Prototyping of a circuit design using programmable logic chips (e.g., FPGAs) can have advantages over other types of functional verification, namely emulation using a plurality of emulation processors. First, prototyping using programmable logic chips generally results in higher speed relative to emulation using emulation processors. Second, such higher-speed circuit design prototypes using programmable logic chips can sometimes even run in real-time, that is, the prototype may run at the intended clock speed of the manufactured chip, rather than a reduced clock speed. This is not always the case, notably for higher performance circuit designs that have clock speeds higher than the maximum allowed by the programmable logic chips. Third, such prototyping systems using programmable logic chips are generally of lower cost than an emulation system using processors.
Exemplary hardware used in prototyping comprises FPGAs or other types of programmable logic chips, input/output circuitry, and interconnect circuitry connecting the programmable logic chips to each other and to the input-output circuitry.

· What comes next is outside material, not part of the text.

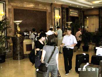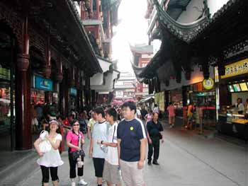 上海市内は渋滞していてホテル到着は13:30頃(現地時間)。 ホテルは「上海天賜酒店公寓」アパート方式で上海の中心に位置している。部屋は2寝室1ダイニング、キッチンも付いている。セキュリティは厳重だが少し使いつらかった。休憩の後昼食と市内観光に出る。 昼食はラーメンを食べようと近所のお店、9〜10元のラーメンは口に合わなかった。 その後、老街を通り豫園に向う。 この時の気温は39℃猛烈な暑さだった。 |
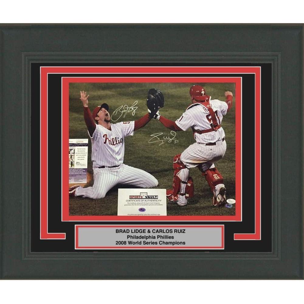 imageFramed AutographedSigned Brad Lidge amp Carlos Ruiz Dual 2008 World Series Philadelphia Phillies 16x20 Baseball Photo JSA COA

An example of commercial prototyping hardware includes the DN7006K1 OPCIe-8T manufactured by the DINI Group of La Jolla, Calif. The DN7006K10PCIe-8T features six Altera Stratix 3 3SL340 (FF1760) FPGAs, a configuration FPGA, global clock generation hardware, interconnect connecting the FPGAs to each other, input/output devices including an eight lane PCI Express Endpoint, and DDR SODIMM slots for the insertion of RAM.
To enable a circuit designer to evaluate the circuit design prototype, FPGAs are generally embedded with an internal logic analyzer circuit that can capture and store logic signals during operation. Each internal logic analyzer can be triggered on a combination of multiple signals from the user logic. Once these signals are captured, the internal logic analyzer can unload the data through an interface to a computer. Typically, an interface is connected between the computer and the FPGA where the computer can arm the internal logic analyzer and poll it until a data acquisition has been made. While internal logic analyzers work well for debugging logic of each individual FPGA, existing designs have limitations for multiple FPGA systems. Specifically, each logic analyzer captures data waveforms for its respective FPGA independently of the other FPGAs in the system. This design limitation leads to confusion and loss of correct and efficient debugging for circuit design prototypes that include multiple FPGAs.